*** DATA SEGMENT ***

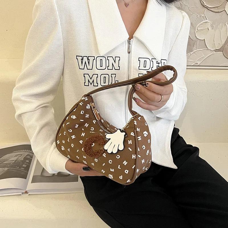 This stylish shoulder bag is made from durable canvas material. It features a half moon shape and is perfect for everyday use.
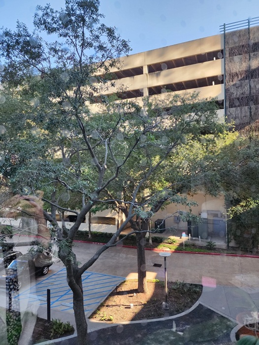 Next was the long-term plan. Houston Audubon introduced me to CollidEscape, a company that sells anti-bird-strike window dot systems. The window treatment was installed on the management office row of windows, which was also a bird-strike hot spot. Our management team agreed to act as test subjects to determine the effect of the dots on outdoor views. Window dot installation at other hot spots is slated over the next several years.
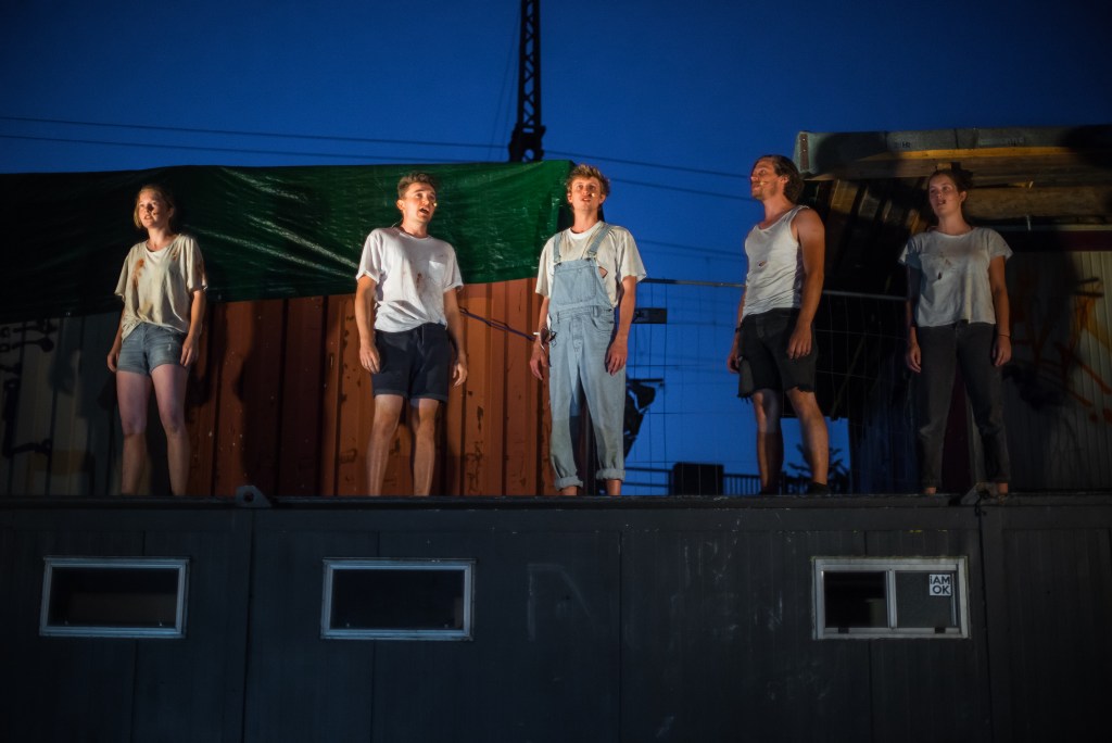 Die Geschwister Thebens auf dem Open-Air-Container.

*** End of DATA SEGMENT ***

Write out exactly the lines from the line that contains "Next was the" through the end of the material, including both ends. No pictures belong in the copy.

 Next was the long-term plan. Houston Audubon introduced me to CollidEscape, a company that sells anti-bird-strike window dot systems. The window treatment was installed on the management office row of windows, which was also a bird-strike hot spot. Our management team agreed to act as test subjects to determine the effect of the dots on outdoor views. Window dot installation at other hot spots is slated over the next several years.
 Die Geschwister Thebens auf dem Open-Air-Container.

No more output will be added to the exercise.